4. Methylation Prediction (PREDICT_METHYLATION):

   • Filters reads by quality (MAPQ ≥ 1, removes unmapped reads).
   • Processes each chromosome in parallel for efficiency.
   • Runs NanoFreeLunch prediction for both forward and reverse strands.
   • Uses deep learning models trained on specific ONT chemistry and basecaller versions.
   • Output: Per-chromosome BED files with methylation probabilities.

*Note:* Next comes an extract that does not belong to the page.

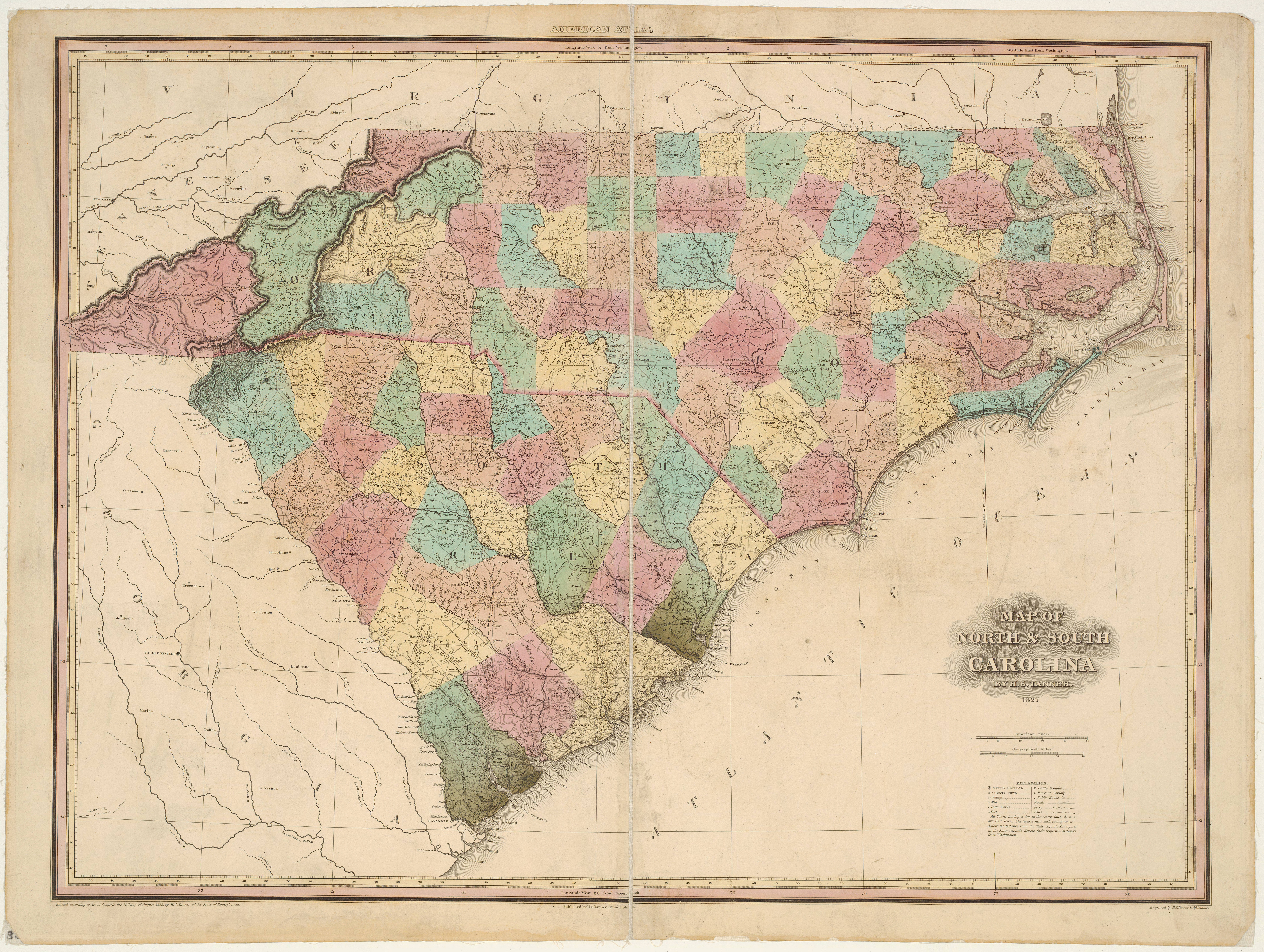 Map of North and South Carolina in 1827, indicating towns, mills, ironworks, public houses, churches, Quaker meeting houses, landowners, roads, and ferries.

5. Merge Predictions (MERGE_METHYLATION):

   • Combines per-chromosome predictions into a single genome-wide file.
   • Sorts by chromosome and position for downstream analysis.
   • Output: Final merged BED file with all methylation predictions.

Output Files

• alignment/: Region-extracted BAM files
• variant_call/:
  • Phased, haplotype-tagged BAM
  • Variant calls (VCF)
  • QC reports and logs
• ref/: Sample-specific CpG loci file (variant-filtered)
• methylation_pred/:
  • Per-chromosome methylation predictions (BED format)
  • Merged genome-wide methylation predictions

Output Directory Structure

All outputs are organized per sample:

outdir/
└── {sampleid}/
    ├── alignment/
    │   ├── {sampleid}.region.sorted.bam
    │   └── {sampleid}.region.sorted.bam.bai
    ├── variant_call/
    │   ├── {sampleid}.aligned.sorted.haplotagged.bam
    │   ├── {sampleid}.aligned.sorted.haplotagged.bam.bai
    │   ├── {sampleid}.vcf.gz
    │   ├── {sampleid}.vcf.gz.tbi
    │   ├── {sampleid}.visual_report.html
    │   ├── {sampleid}.pepper.margin.deepvariant.log
    │   └── logs/
    ├── ref/
    │   └── {sampleid}.prediction.locifile.tsv
    ├── methylation_pred/
    │   ├── subset_{chr1}/
    │   │   └── {sampleid}_{chr1}_methylation_pred.bed
    │   ├── subset_{chr2}/
    │   │   └── {sampleid}_{chr2}_methylation_pred.bed
    │   └── {sampleid}_methylation_pred.bed (merged)

Components

Component	Version
bedtools	2.30.0
NanoFreeLunch	0.28.0
PEPPER-Margin-DeepVariant	r0.8
samtools	1.13

References

• Shafin, K., Pesout, T., Chang, PC. et al. Haplotype-aware variant calling with PEPPER-Margin-DeepVariant enables high accuracy in nanopore long-reads. Nat Methods 18, 1322–1332 (2021). https://doi.org/10.1038/s41592-021-01299-w
• Zhixing Feng, Chenxi Zhang, Shuo Jin, Jiale Niu, Huijuan Feng, Quantitative detection of DNA methylation from nanopore sequencing data without raw signals, GigaScience, Volume 14, 2025, giaf113, https://doi.org/10.1093/gigascience/giaf113

License

This pipeline is licensed under the GNU General Public License v3.0 due to its use of GPL-licensed components.

• NanoFreeLunch (GPL v3)
• PEPPER-Margin-DeepVariant (MIT)

Users must comply with the respective licenses of these tools when using this pipeline.